Também elegeram os símbolos da Lava Jato, Sérgio Moro e Deltan Dallagnol, os quais, exonerados de suas carreiras da Magistratura Federal e Ministério Público Federal ocuparão cadeiras no Senado e Câmara dos Deputados, respectivamente.
Chama a atenção o histórico retrocesso no combate à corrupção no atual governo, apontado em relatórios e índices de percepção da corrupção internacionais, com o aniquilamento da lei de improbidade administrativa, patrocinado por sua base parlamentar, desbotamento da lei da ficha limpa, escândalos graves de corrupção no MEC, que culminou com a prisão do Ministro, bem como na aquisição de vacinas, escândalos envolvendo o vice-líder do governo no Senado Chico Rodrigues flagrado com R$33.000,00 nas nádegas, cujo líder na Câmara enaltece o nepotismo como sistema exemplar.
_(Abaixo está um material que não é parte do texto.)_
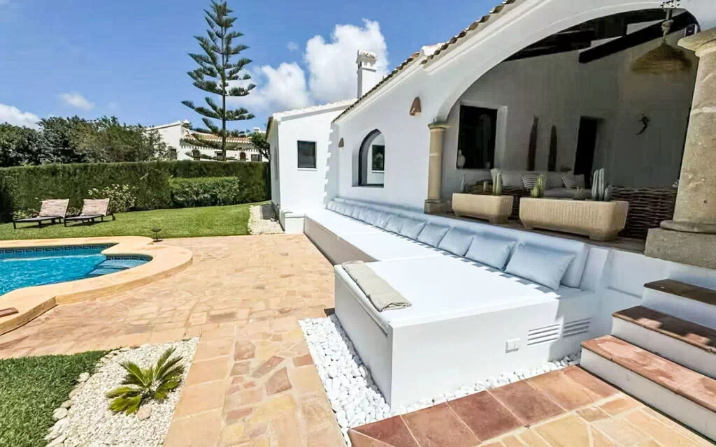 Meget stor, meget smuk, luksuriøse villa "Alborada", renoveret, omgivet af træer. I byen, 5.4 km fra bymidten af Javea - El Arenal, rolig, solrige beliggenhed, 5.4 km fra havet, 5.4 km fra stranden, i en blind vej. Til alene benyttelse: stor, smuk, velplejet have i forskellige niveauer, 2'700 m2 med græsplane, naturhave, græsmark, frugthave, pool kantet (10 x 5 m, 40 - 210 cm dyb, Sæsonbestemt tilgængelighed: 01.Jan. - 31.Dec.) med indetrappe. Udendørs brus, terrasse, pergola, havemøbler, grill, parkeringsplads ved huset. Supermarked 2 km, restaurant 1.9 km, café 2 km, busstoppested 4.5 km, sandstrand "El Arenal" 5.4 km, stenstrand "La Granadella" 6.5 km, klippestrand "Cala Blanca" 6.2 km. Lystbådhavn 5.6 km, marina 5.6 km, golfbane (18 hul) 1.4 km, surfskole 5.6 km, sejladsskole 5.6 km, tennis 5.5 km. Nærliggende attraktioner: Club de Golf Javea (18 Holes) 1.4 km. Ejeren accepterer ikke nogen ungdomsgrupper.

Neste aniversário de 34 anos da Constituição, vale lembrar a tentativa de se tentar aprovar a PEC da vingança contra o Ministério Público, novamente com apoio do governo, que feriria de morte sua independência, flagrantemente inconstitucional, além da tentativa de se apresentar uma PEC subjugando o STF ao Legislativo em decisões não unânimes (PEC do golpe do centrão). Além da prática corrente do orçamento secreto e da desativação da Operação Lava Jato pela PGR, sem que nenhuma outra estrutura fosse colocada no lugar para combater a corrupção de grosso calibre.
É paradoxal que, neste aniversário dos 34 anos da nossa Carta Magna, apesar de todos estes gigantes e históricos retrocessos e do fim melancólico da Lava Jato patrocinado pelo atual governo, seja declarado apoio público dos ícones da própria Lava Jato ao postulante à reeleição em face de quem (bem como dos filhos parlamentares) pendem suspeitas relacionadas a graves práticas de “rachadinhas” parlamentares e estranhas aquisições de mais de cinquenta imóveis, pagos com dinheiro vivo, ainda que seu oponente tenha sido processado por graves atos de corrupção.
Moro e Deltan ganharam destaque na inicialmente saudável luta contra a corrupção, mas a opção individual de ambos pelo bolsonarismo infelizmente discrepa diametralmente do compromisso com a defesa intransigente do Estado Democrático de Direito.
Antes do atual governo, Lula, Dilma e Temer foram responsáveis por construções legais de extrema importância, incorporadas ao acervo legal anticorrupção, como a lei de acesso à informação, a lei da colaboração premiada, a lei anticorrupção, a lei das estatais, a estruturação da CGU, a celebração do Pacto dos Governos Abertos em 2011 entre outras, além das escolhas de Procuradores-Gerais da República integrantes das listas tríplices da ANPR.
Nos últimos quatro anos, infelizmente o legado é de grave retrocesso, uso abusivo de decretos de sigilo, apagão de dados, que exigiu formação de consórcio de veículos de imprensa para garantir direito de acesso à informação e escolha e recondução de PGR fora da lista.
Nos 34 anos de aniversário, emendamos nossa Constituição inúmeras vezes. Foram 26 apenas nesta legislatura de 4 anos, ao passo que em 233 anos os Estados Unidos emendaram a sua 27 vezes. Lamentavelmente, de forma muito mais naturalizada que o razoável e sem observar a prevalência do interesse público. Que os novos Congressistas reflitam a respeito e iniciem um novo tempo a partir de 2023.